* [WHAT IS BEING ASKED]:
Nothing in the data should change when you return it, but leave the pictures out.

* [SUPPLIED MATERIAL]:
BEGIN

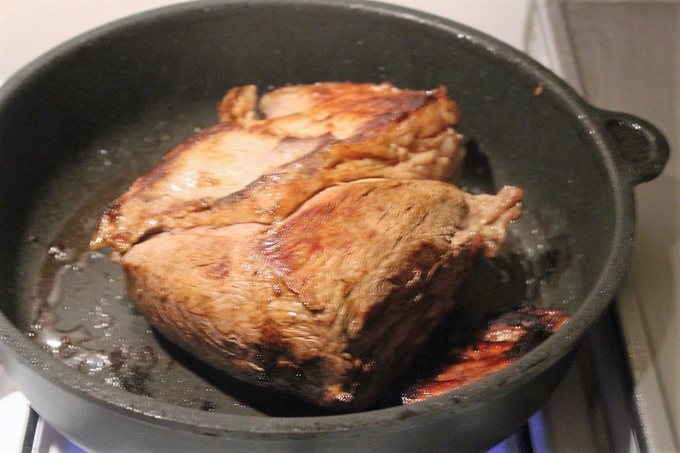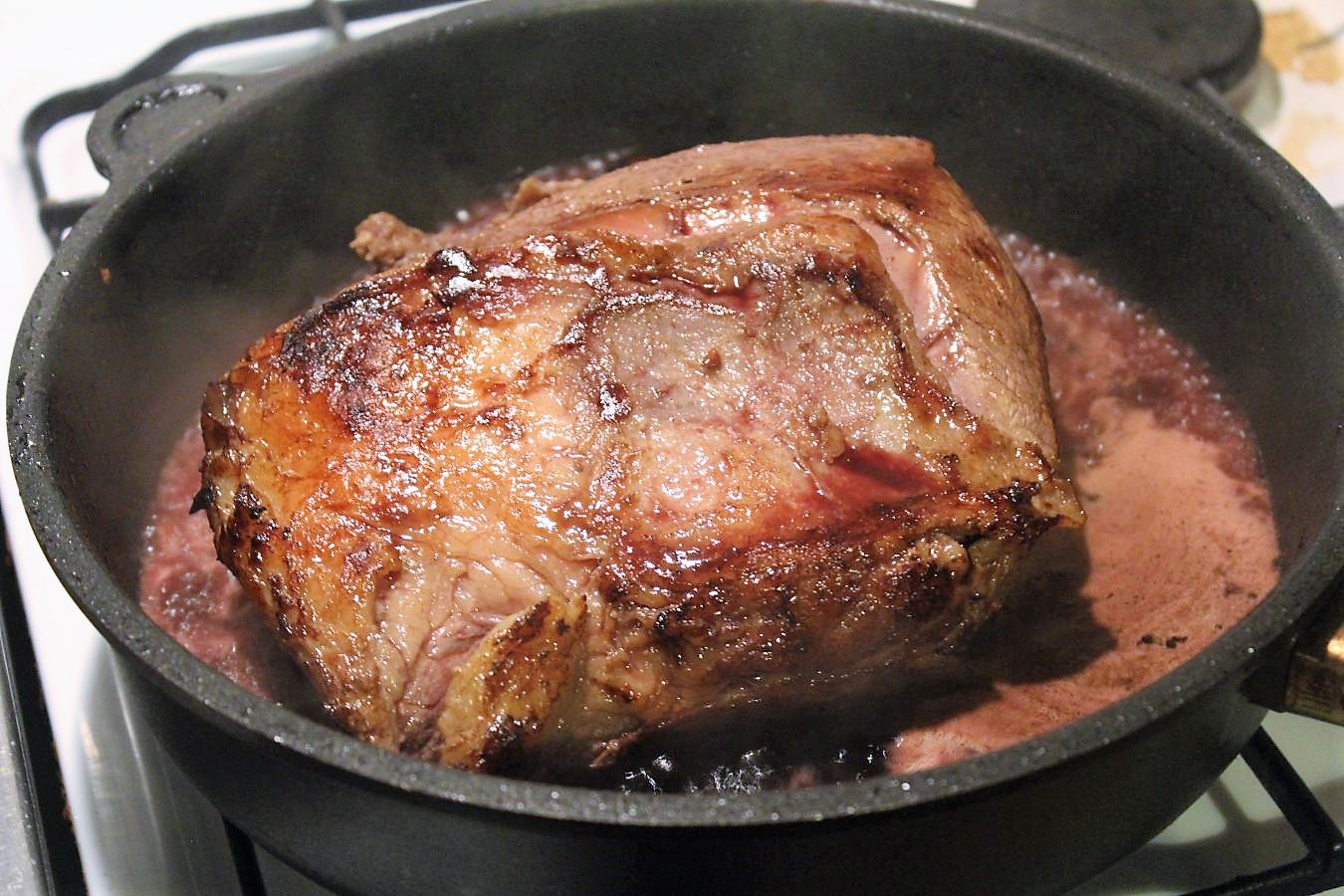 Deckel auf die Pfanne legen und dann das Fleisch alle halbe Stunde umdrehen.
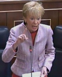 Tras esta intervención de la vicepresidenta, llegó el turno de Zaplana y como sucede todas la semanas el portavoz del PP deseó tener "más suerte" que Acebes para ver si De la Vega, por una vez, contestaba a las preguntas que le formula la oposición.
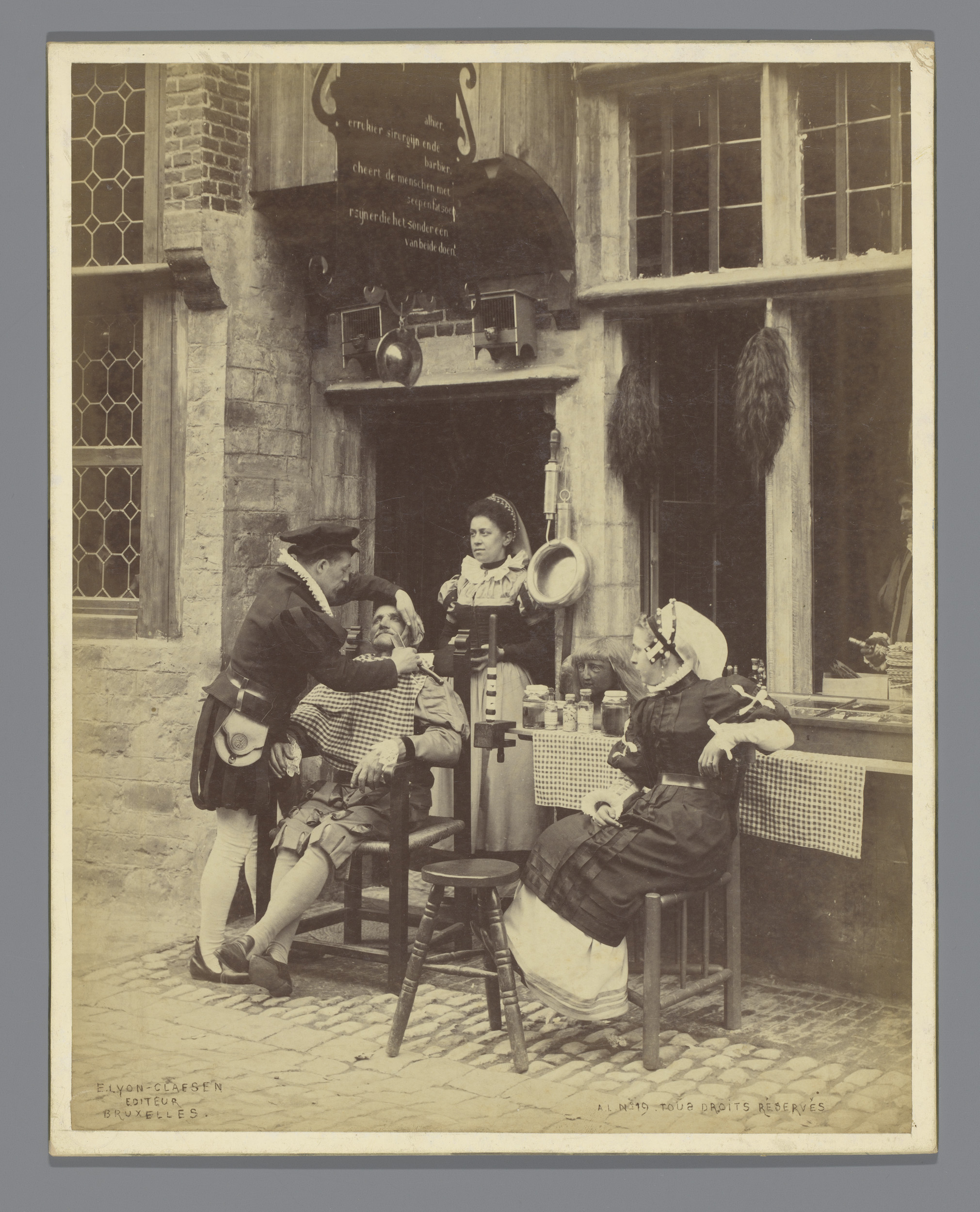 Kostuumschouwspel met een kapper ter gelegenheid van...

END

* [PROBLEM SOLUTION]:
 Deckel auf die Pfanne legen und dann das Fleisch alle halbe Stunde umdrehen.
 Tras esta intervención de la vicepresidenta, llegó el turno de Zaplana y como sucede todas la semanas el portavoz del PP deseó tener "más suerte" que Acebes para ver si De la Vega, por una vez, contestaba a las preguntas que le formula la oposición.
 Kostuumschouwspel met een kapper ter gelegenheid van...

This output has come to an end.